Jeffrey F. Bloss jbloss at tampabay.rr.com
Wed Nov 28 14:19:55 GMT 2007


Joel Bryan Juliano wrote:

> I just lost my USB thumbdrive in an Internet Cafe.
> And it contains my private PGP key. Luckily I have a backup.

By all definitions those keys are now compromised, and you should
submit the revocation certificates you previously created to all the
appropriate people and places.

Um, you *did* create revocation certificates when you generated the
keys, and secret them away for just such an occasion... right? ;)

> 
> I don't trust storing my private PGP keys on my e-mail,
> because before this message was sent to this mailing-list and to
> everyone's e-mail addresses, it'll be passed to thousands (or millions) of
> computer
> around the world. Any sinister IT administrator in my ISP can grab my files
> or change "Dear Joel" to "Dear X" while it's queue to be transmitted to
> other
> computers and to it's destination.

I don't quite understand what you mean by "storing your private keys on
your e-mail"....??

> Is there a very secure, encrypted and free file storage that I can store
> and upload my private PGP keys while I still doesn't have a USB
> thumbdrive?

Storing your encryption keys anywhere but on a machine or device under
your direct control is, by definition, not secure. No matter how you
look at it you're handing the keys to the fortress over to a third
party, and it's for all intents and purposes impossible to completely
lock that third party out of the loop. 

I store all my private keys in a Truecrypt volume about the size of a
256M thumb drive. I have a copy of that encrypted volume on my laptop,
and one on a thumb drive. Neither can be accessed without being mounted
using a very strong "master" pass phrase, and I sync the copies as
necessary so they serve as backups for each other. 

To make use of the keys I point config files to my mount point or
create symlinks accordingly. My gpg.conf file has a stanza similar to
this for example...

 [...]
 no-default-keyring
 keyring /home/jeff/.gnupg/pubring.gpg
 secret-keyring /home/jeff/foo/.gnupg/secring.gpg
 [...]

...where "foo" is my Truecrypt volume mount point. This leaves the
public keyring available in the default location at all times to verify
incoming signed mail and such, but the secret keyring is unavailable
without the encrypted volume being mounted.

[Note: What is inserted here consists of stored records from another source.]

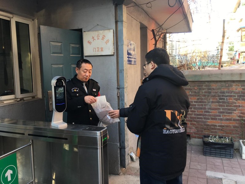 活动当天,材料学院学生党总支组织全体2020级硕士生党支部书记,分为不同的小组前往门卫工作人员的岗位。大家随身携带着送给门卫工作人员的保温、保暖日用品,向他们表达材料学院的点点心意,并慰问坚守在各个岗位处的工作人员。同学们与工作人员融洽交谈,充分认识到了门卫工作的重要性以及工作人员的辛苦付出,同时表达了对工作人员由衷的敬意,门卫工作人员也对学院及各位同学表达了谢意。活动最后,同学们与门卫工作人员共同合影留念。
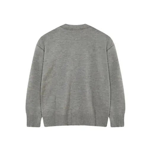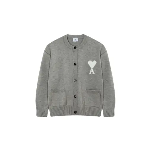 Ami Paris ADC Merino Heart Shaped Alpaca Blend Soft Cozy Knit Cardigan Round Neck Sweater Light Gray
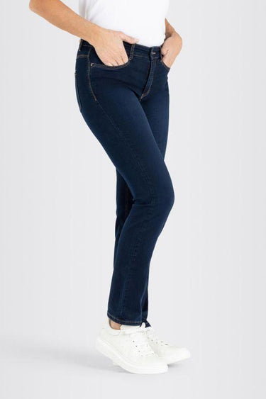 - Smarte jeans fra Mac med et straight-leg snit, en feminin silhuet og en flot blå vask.Bukserne har også en lækker kvalitet og lukkes med knap og lynlås i fronten.
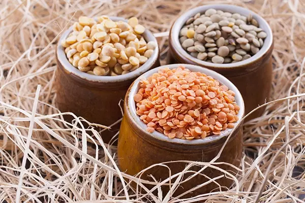 レンズ豆には、赤、黒、茶、緑などがさまざまな種類があります。グリーンや茶のレンズ豆は硬く、柔らかくなるまで煮るのには約30〜40分かかりますが、赤や黄色は皮をむいてから流通することが多いため、煮えるまでの時間も約20〜30分と短くてすみます。
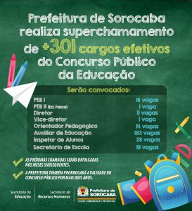 A Prefeitura de Sorocaba, por meio das Secretarias de Recursos Humanos (SERH) e da Educação (Sedu), publica, nesta sexta-feira (6), no Jornal do Município, um superchamamento de mais 301 vagas do Concurso Público da Educação para atuação em oito diferentes cargos efetivos na Rede Municipal de Ensino.
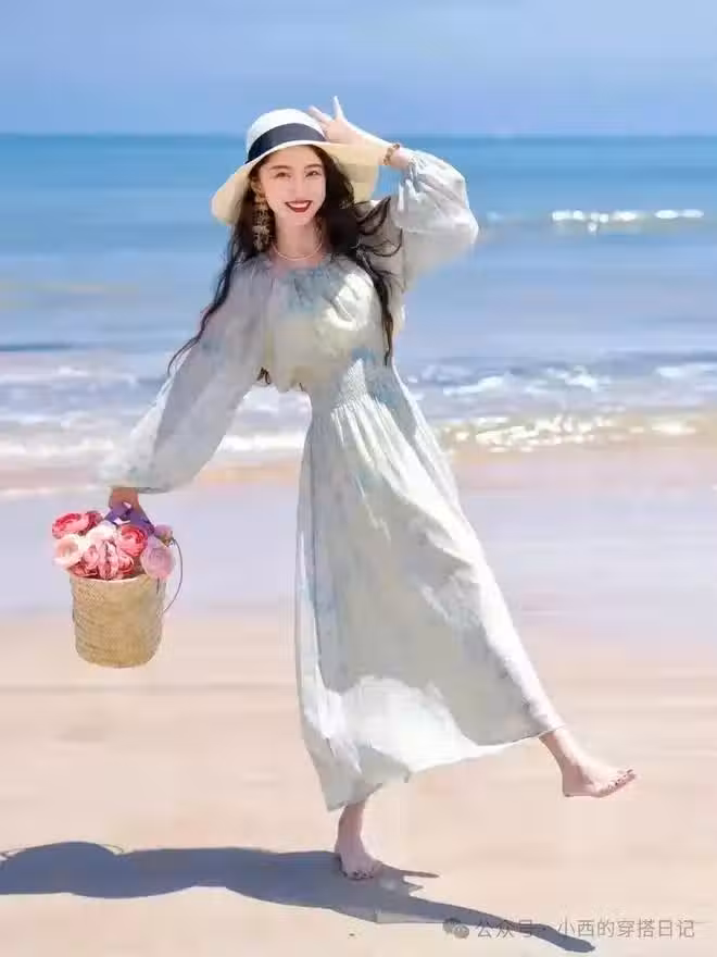 寬鬆的牛仔褲與柔軟的淺棕色T恤簡潔而舒適,適合輕鬆的日常穿搭。細節處的金色項鍊和手環添增了一抹精緻感,而自然的髮型與恬靜的環境相得益彰,營造出一種休閒而不失格調的氛圍。▼
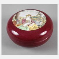 1930er Jahre, am Boden mit Vier-Zeichen-Marke, Porzellan ochsenblutfarben glasiert und in Emailfarben bemalt, runde Deckeldose mit abnehmbarem Deckel, dieser mit historisierender Szene bemalt, Darstellung eines jugendlichen Fräuleins, begleitet von zwei Putten in mediterraner Landschaft, etwas berieben, D 14 cm.
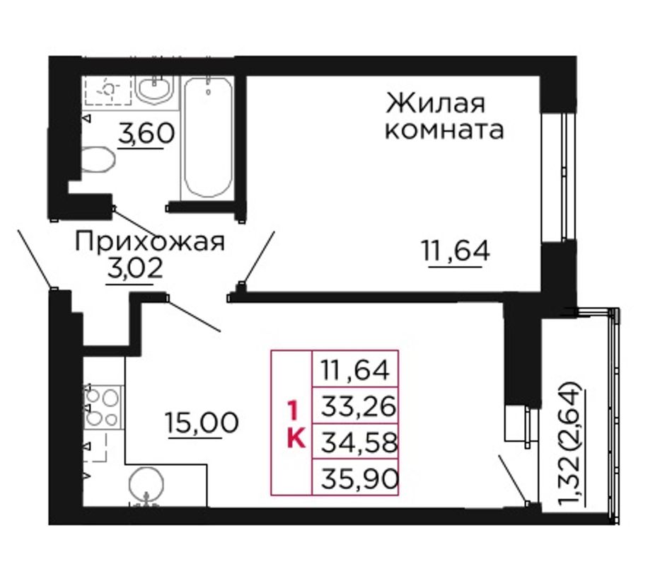 | 1-комн. | 43 м² | 5,5 - 7 млн ₽ |
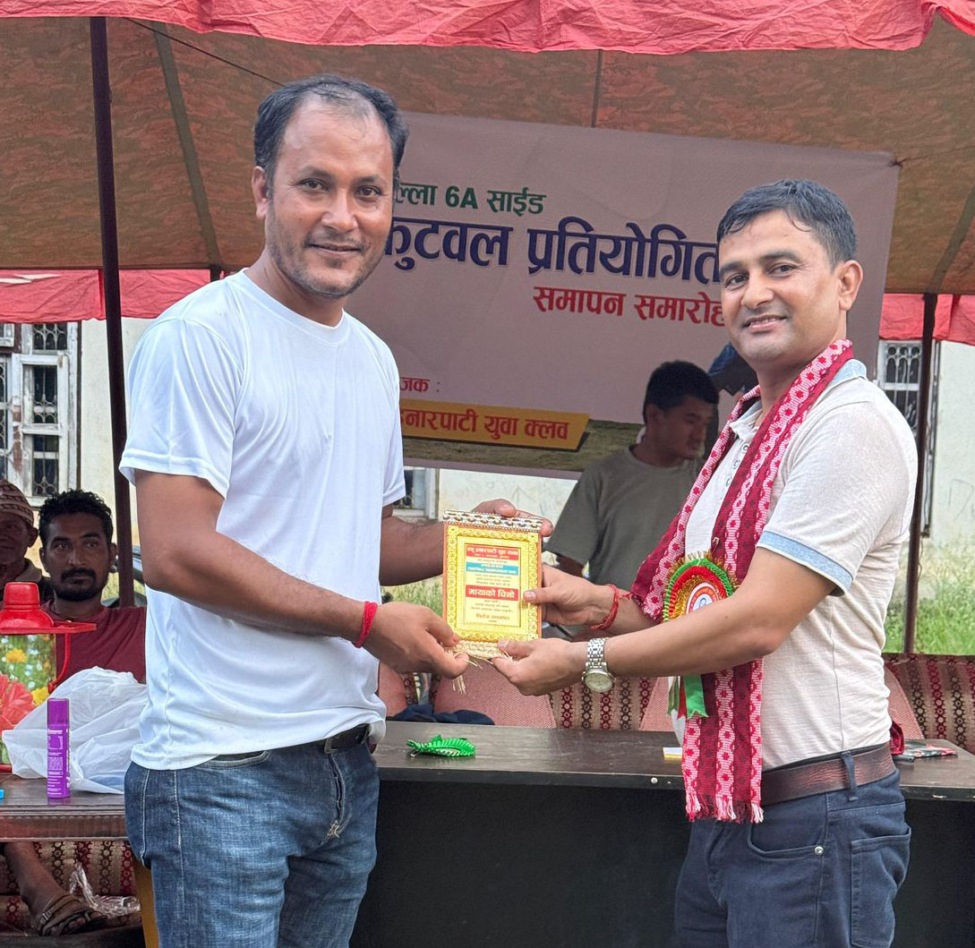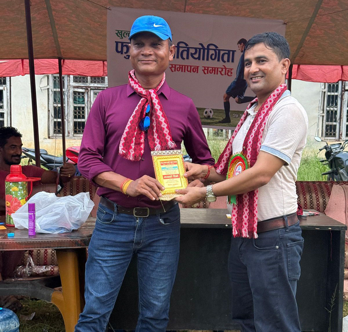 उनले खेलवाट मानव जीवनमा सकारात्मक परिवर्तन हुनुका साथै यसले अनुशासन सिकाउने वताए । पुरस्कार वितरण कार्यक्रममा विदुर ६ का वडा सदस्यहरु रामचन्द्र पौडेल, रुपक कुमाल, फुटवल संघ वागमतिका सदस्य रामकुमार कोइरालालगायते पुरस्कार वितरण गरे ।
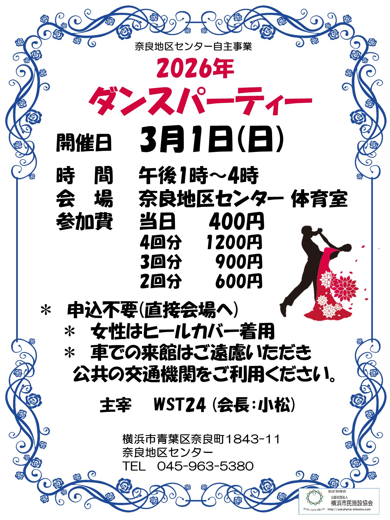 (WEBで満席となった場合でも、受付にて別枠、キャンセル待ちもございますのでお気軽に 奈良地区センター TEL045-963-5380までご連絡ください)
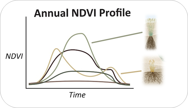 Photosynthesis is the process that plants use to convert absorbed solar radiation to biomass. The amount of energy absorbed is related to the amount reflected, which we can measure using Landsat satellite data. Specifically, we use the normalized difference vegetation index (NDVI) to estimate the amount of radiation absorbed through the growing season (every 16 days), enabling us to estimate biomass production in near-real-time. Then, we use the RAP vegetation cover dataset to parse out how much of that NDVI signal is coming from each vegetation type.

Likewise, since I use key-only SSH access everywhere I have control over
things, in my ~/.ssh directory I symlink id_dsa and id_rsa
to /home/jeff/foo/.ssh/id_dsa and ...id_rsa. Again, the links point to
dead air unless the Truecrypt volume is mounted to /home/jeff/foo.

The actual internal structure of my Truecrypt volume contains the
appropriate .gnupg, .ssh, etc directories of course.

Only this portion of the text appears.